→ Action item
The full listing, copied exactly and free of pictures, is the expected reply.

→ Data for this task

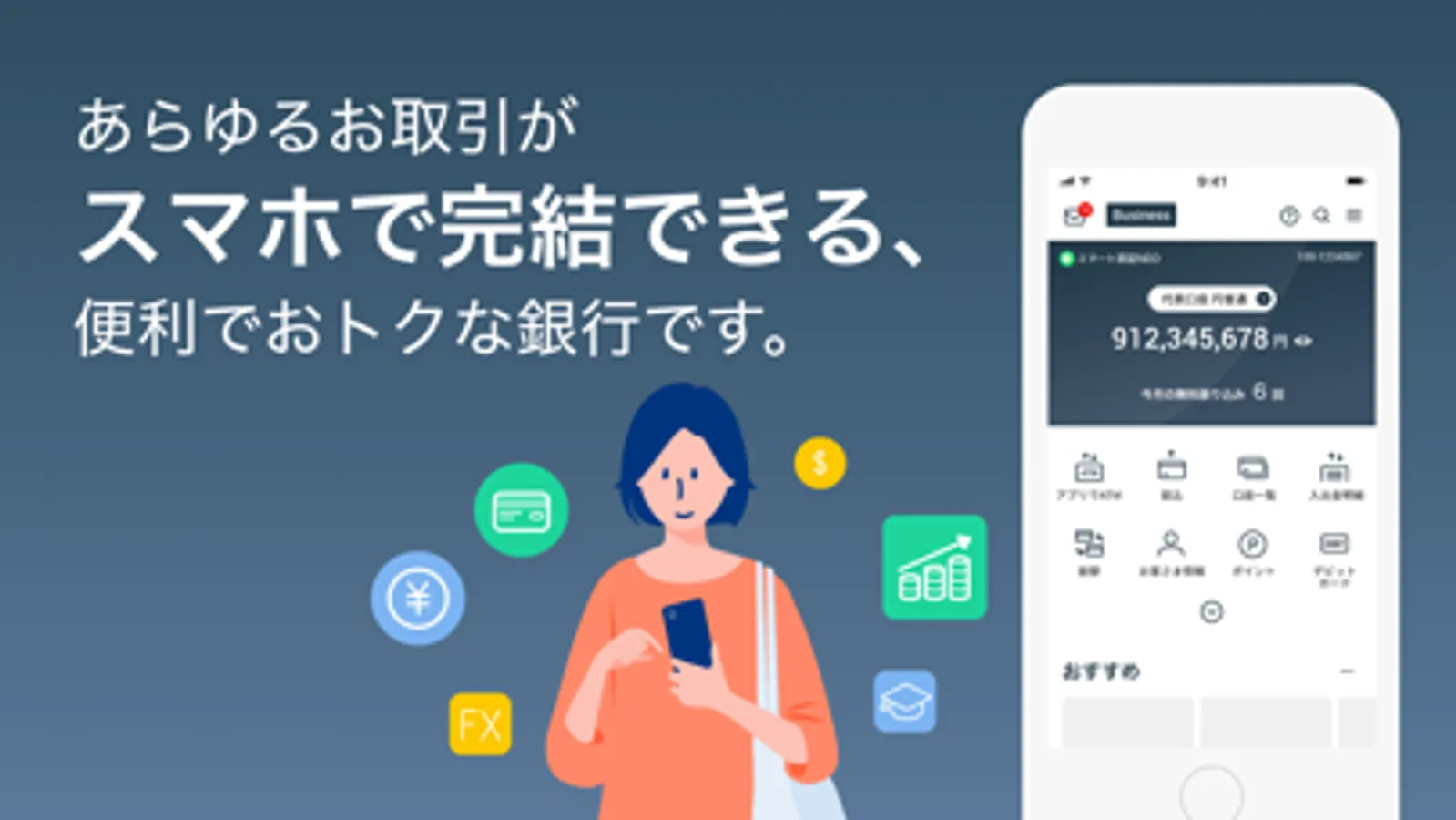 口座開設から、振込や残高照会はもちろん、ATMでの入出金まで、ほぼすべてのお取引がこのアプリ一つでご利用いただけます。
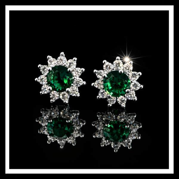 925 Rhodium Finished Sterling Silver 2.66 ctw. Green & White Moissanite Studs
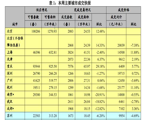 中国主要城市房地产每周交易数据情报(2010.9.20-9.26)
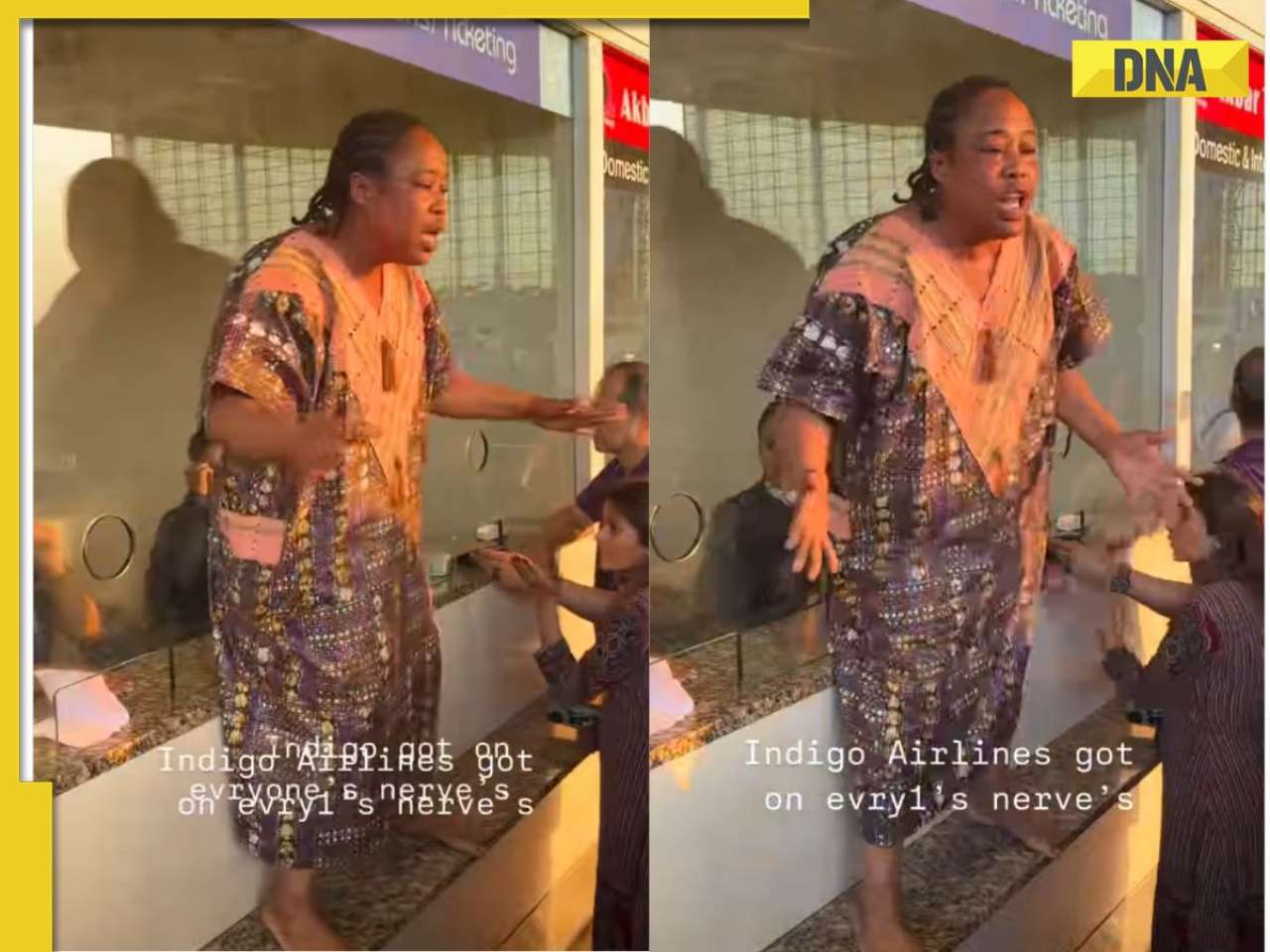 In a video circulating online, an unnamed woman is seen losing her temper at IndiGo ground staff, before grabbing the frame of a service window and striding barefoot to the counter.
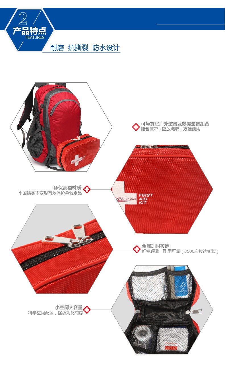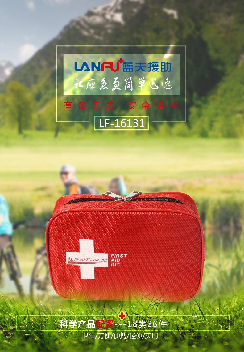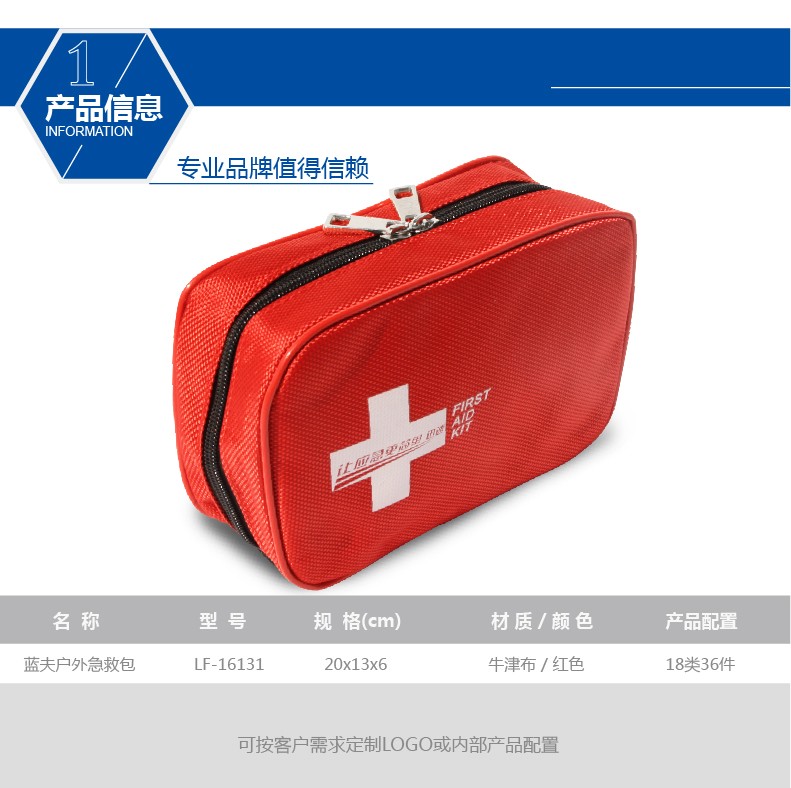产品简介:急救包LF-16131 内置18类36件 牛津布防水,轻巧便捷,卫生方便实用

→ Solved problem
 口座開設から、振込や残高照会はもちろん、ATMでの入出金まで、ほぼすべてのお取引がこのアプリ一つでご利用いただけます。
 925 Rhodium Finished Sterling Silver 2.66 ctw. Green & White Moissanite Studs
 中国主要城市房地产每周交易数据情报(2010.9.20-9.26)
 In a video circulating online, an unnamed woman is seen losing her temper at IndiGo ground staff, before grabbing the frame of a service window and striding barefoot to the counter.
产品简介:急救包LF-16131 内置18类36件 牛津布防水,轻巧便捷,卫生方便实用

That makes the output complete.